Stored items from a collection

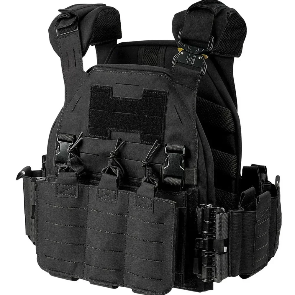 Material: nailon 1000D Tamaño: Chaleco A: aproximadamente 40*30cm Chaleco B: alrededor de 27*33cm El cinturón en sí es estirable y elástico y se puede ajustar. La distancia entre el pecho y la espalda generalmente es de unos 24cm en estado natural sin estiramiento, y la distancia también se puede ajustar mediante el cinturón y la posición de pegado del panel trasero. Características: 1. Baja visibilidad usable por dentro y por fuera. 2. Material de nylon 1000D de alta calidad, secado rápido, transpirable, impermeable, resistente al desgaste. 3. Ligero: incluye placas protectoras EVA insertadas, se puede combinar con otras placas de material (placa de acero/PE/Cerámica, etc.). 4. Sistema de liberación rápida, multifuncional y desmontable según sea necesario. 5. Gran regalo para fanáticos militares y el mejor para el entrenamiento de combate CS al aire libre. 6. Tamaño adecuado: adecuado para una circunferencia de cintura de aproximadamente 80 ~ 120cm, aproximadamente 50 ~ 100kg para un cuerpo normal, se pueden ajustar los hombros y la cintura.
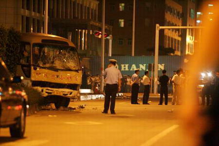 广州日报消息(记者李少华):昨天晚上8时许,深圳龙华发生一起特大交通事故。一辆空载的幼儿园校巴行驶到龙华东环一路附近时,失控冲上人行道,酿成18人死亡、17人受伤的惨剧(新浪编者注:据深圳特区报报道,截至24日凌晨2时,死亡人数已经上升到19人)。事故发生后,深圳市市长许宗衡赶往现场指挥抢救工作,批示全力以赴抢救伤员,妥善处理后事。
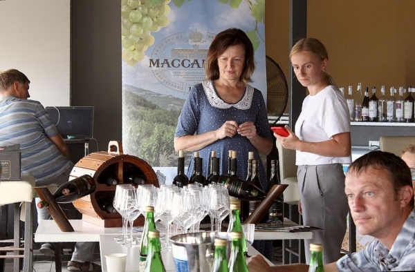 В 14 часов началась пресс-конференция для представителей СМИ. Здесь же можно было продегустировать продукцию завода шампанских вин «Новый свет» - российское шампанское коллекционное белое брют. Линейка сладости шампанских «Нового света»: кюве 2 г/дм3, экстра брют от 3 до 6 г/дм3, брют 10 г/дм3, сухое 20 г/дм3, полусухое 35 г/дм3 и полусладкое 50 г/дм3. В 2016 году вышли четыре новые марки премиум класса – моносортовые вина. Это Рислинг кюве, Шардоне кюве, Пино Гри экстра брют и сухое белое «Золотой рислинг Крыма». После воссоединения с Россией Пино Гри выставили на конкурс под патронатом Международной организации виноделия и виноградорства в Болгарии и получили высшую награду – золото, Гран При вообще не было. В 2016 году все эти четыре марки были выставлены на конкурс в Абрау-Дюрсо и получили Гран При, два золота и бронзу. Из одного сорта винограда намного сложнее создавать шампанское, и оно намного дороже стоит.
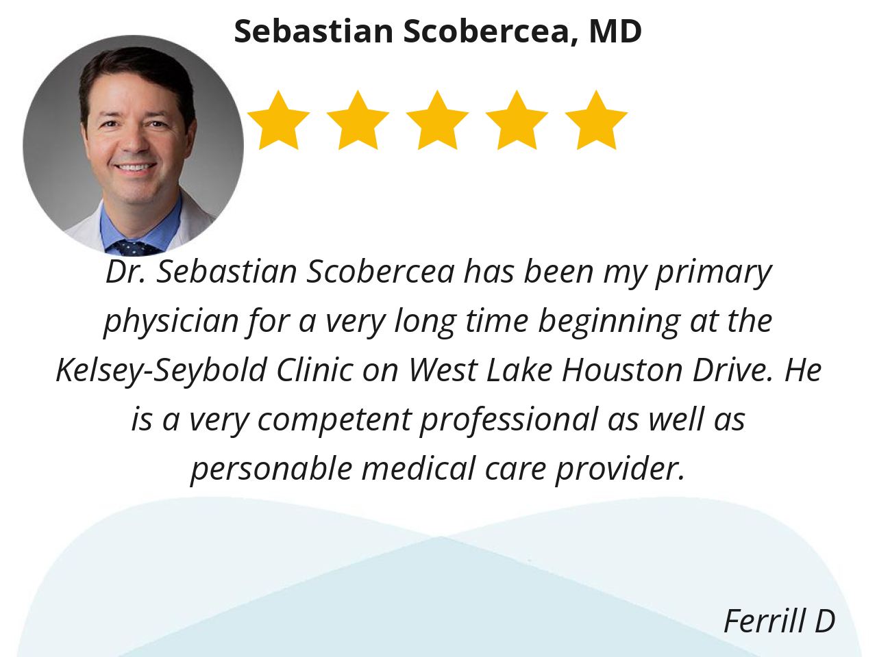 Dr. Sebastian Scobercea has been my primary physician for a very long time beginning at the Kelsey-Seybold Clinic on West Lake Houston Drive. He is a very competent professional as well as personable medical care provider.
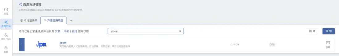 進入 Rainbond 控制枱的 平台管理 -> 應用市場 -> 開源應用商店 中搜索 Jpom 並安裝。
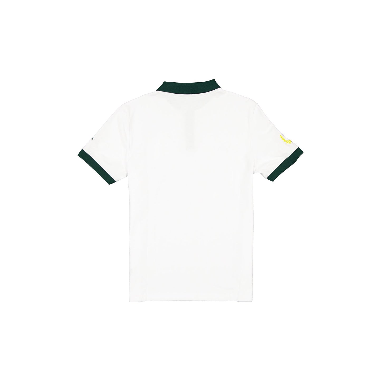 The Caddyshack Bushwood Country Club White Polo features an embroidered Bushwood Country Club shield at the left chest with a Caddyshack golf ball at the right arm.
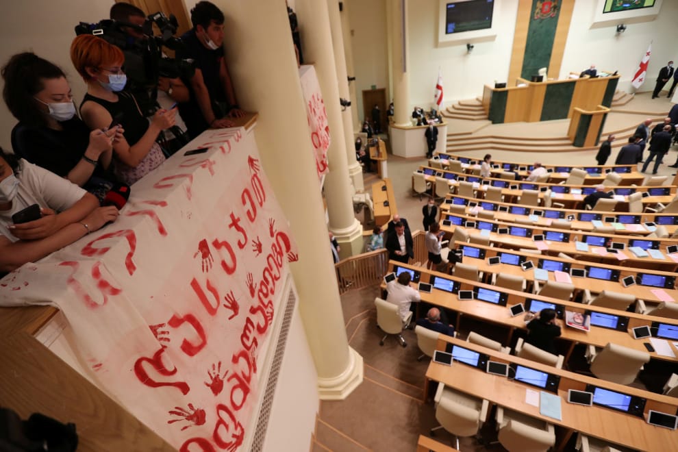 在喬治亞國會開議期間,大批記者從議場二樓放下寫著「懲罰殺人犯」字樣的布條抗議,要求國會議員能從Pirveli TV攝影記者拉什卡拉瓦(Alexander Lashkarava)的死學到極右派分子正在破壞喬治亞社會的和平。
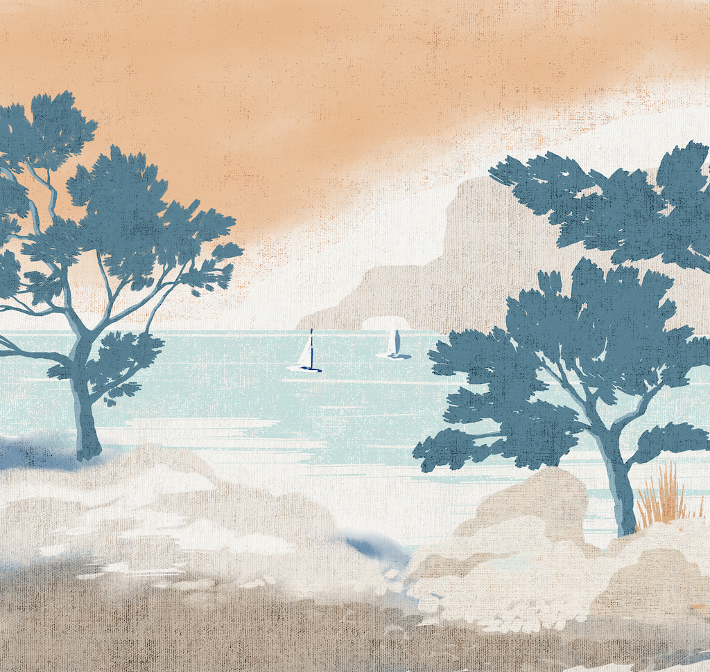 • РисунокПляж, Пейзаж, Деревья, Корабли
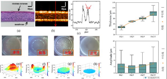 人工皮肤生长成像,支持表皮层厚、角质层厚、厚度分布、表面粗糙度等参数的定量分析。
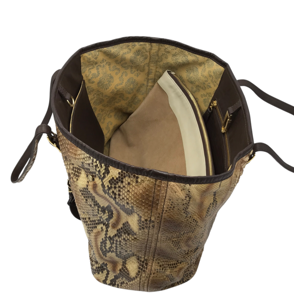 CUADRA REPTILE TOTE HANDBAG BROWN BEIGE
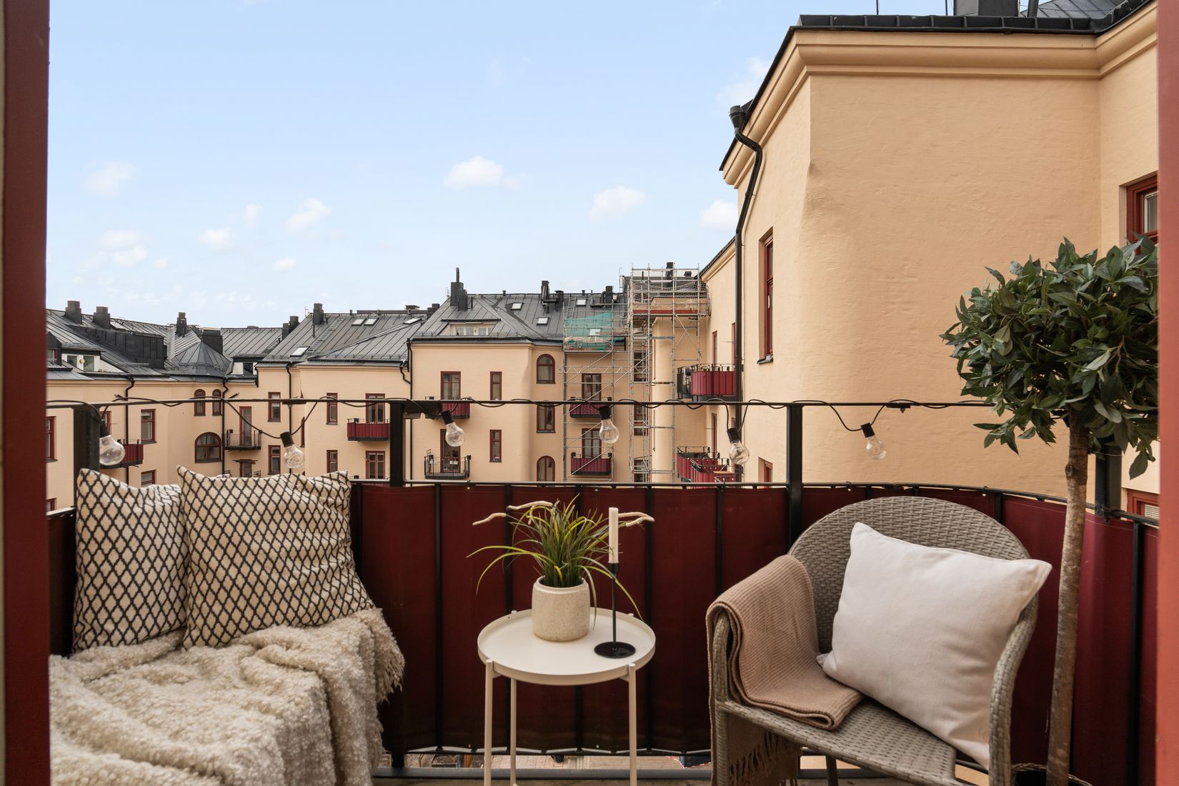Från rummet nås den underbara balkongen mot den rofyllda innergården, där du kan njuta av eftermiddags- och kvällssolen i en skyddad och harmonisk miljö, en självklar favoritplats under årets varmare månader.
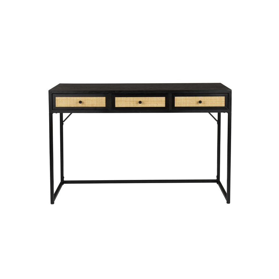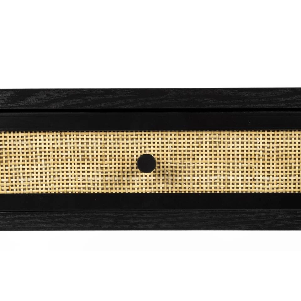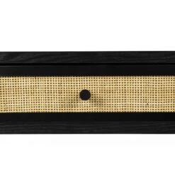 De Sidetable Guuji komt uit de collectie van ons eigen merk Woonmade. De sidetable heeft een gelakte afwerking van MDF hout met natuurlijke rotan webbing frontjes van de lades. Het onderstel is gemaakt van zwart gepoedercoat metaal. Deze sidetable heeft 3 lades en biedt daarom genoeg plaats om spullen op te bergen die je liever niet in het zicht hebt. Bekijk de andere meubels uit de Guuij collectie en maak een leuke combinatie! Sidetable Guuji – Giga Meubel. Is dit het artikel voor jou? Bestel Sidetable Guuji dan nu direct!

*YOUR ASSIGNMENT*:
The records above need to be copied exactly, with the pictures left out.

*SOLUTION FOR THIS TASK*:
 Material: nailon 1000D Tamaño: Chaleco A: aproximadamente 40*30cm Chaleco B: alrededor de 27*33cm El cinturón en sí es estirable y elástico y se puede ajustar. La distancia entre el pecho y la espalda generalmente es de unos 24cm en estado natural sin estiramiento, y la distancia también se puede ajustar mediante el cinturón y la posición de pegado del panel trasero. Características: 1. Baja visibilidad usable por dentro y por fuera. 2. Material de nylon 1000D de alta calidad, secado rápido, transpirable, impermeable, resistente al desgaste. 3. Ligero: incluye placas protectoras EVA insertadas, se puede combinar con otras placas de material (placa de acero/PE/Cerámica, etc.). 4. Sistema de liberación rápida, multifuncional y desmontable según sea necesario. 5. Gran regalo para fanáticos militares y el mejor para el entrenamiento de combate CS al aire libre. 6. Tamaño adecuado: adecuado para una circunferencia de cintura de aproximadamente 80 ~ 120cm, aproximadamente 50 ~ 100kg para un cuerpo normal, se pueden ajustar los hombros y la cintura.
 广州日报消息(记者李少华):昨天晚上8时许,深圳龙华发生一起特大交通事故。一辆空载的幼儿园校巴行驶到龙华东环一路附近时,失控冲上人行道,酿成18人死亡、17人受伤的惨剧(新浪编者注:据深圳特区报报道,截至24日凌晨2时,死亡人数已经上升到19人)。事故发生后,深圳市市长许宗衡赶往现场指挥抢救工作,批示全力以赴抢救伤员,妥善处理后事。
 В 14 часов началась пресс-конференция для представителей СМИ. Здесь же можно было продегустировать продукцию завода шампанских вин «Новый свет» - российское шампанское коллекционное белое брют. Линейка сладости шампанских «Нового света»: кюве 2 г/дм3, экстра брют от 3 до 6 г/дм3, брют 10 г/дм3, сухое 20 г/дм3, полусухое 35 г/дм3 и полусладкое 50 г/дм3. В 2016 году вышли четыре новые марки премиум класса – моносортовые вина. Это Рислинг кюве, Шардоне кюве, Пино Гри экстра брют и сухое белое «Золотой рислинг Крыма». После воссоединения с Россией Пино Гри выставили на конкурс под патронатом Международной организации виноделия и виноградорства в Болгарии и получили высшую награду – золото, Гран При вообще не было. В 2016 году все эти четыре марки были выставлены на конкурс в Абрау-Дюрсо и получили Гран При, два золота и бронзу. Из одного сорта винограда намного сложнее создавать шампанское, и оно намного дороже стоит.
 Dr. Sebastian Scobercea has been my primary physician for a very long time beginning at the Kelsey-Seybold Clinic on West Lake Houston Drive. He is a very competent professional as well as personable medical care provider.
 進入 Rainbond 控制枱的 平台管理 -> 應用市場 -> 開源應用商店 中搜索 Jpom 並安裝。
 The Caddyshack Bushwood Country Club White Polo features an embroidered Bushwood Country Club shield at the left chest with a Caddyshack golf ball at the right arm.
 在喬治亞國會開議期間,大批記者從議場二樓放下寫著「懲罰殺人犯」字樣的布條抗議,要求國會議員能從Pirveli TV攝影記者拉什卡拉瓦(Alexander Lashkarava)的死學到極右派分子正在破壞喬治亞社會的和平。
 • РисунокПляж, Пейзаж, Деревья, Корабли
 人工皮肤生长成像,支持表皮层厚、角质层厚、厚度分布、表面粗糙度等参数的定量分析。
 CUADRA REPTILE TOTE HANDBAG BROWN BEIGE
Från rummet nås den underbara balkongen mot den rofyllda innergården, där du kan njuta av eftermiddags- och kvällssolen i en skyddad och harmonisk miljö, en självklar favoritplats under årets varmare månader.
 De Sidetable Guuji komt uit de collectie van ons eigen merk Woonmade. De sidetable heeft een gelakte afwerking van MDF hout met natuurlijke rotan webbing frontjes van de lades. Het onderstel is gemaakt van zwart gepoedercoat metaal. Deze sidetable heeft 3 lades en biedt daarom genoeg plaats om spullen op te bergen die je liever niet in het zicht hebt. Bekijk de andere meubels uit de Guuij collectie en maak een leuke combinatie! Sidetable Guuji – Giga Meubel. Is dit het artikel voor jou? Bestel Sidetable Guuji dan nu direct!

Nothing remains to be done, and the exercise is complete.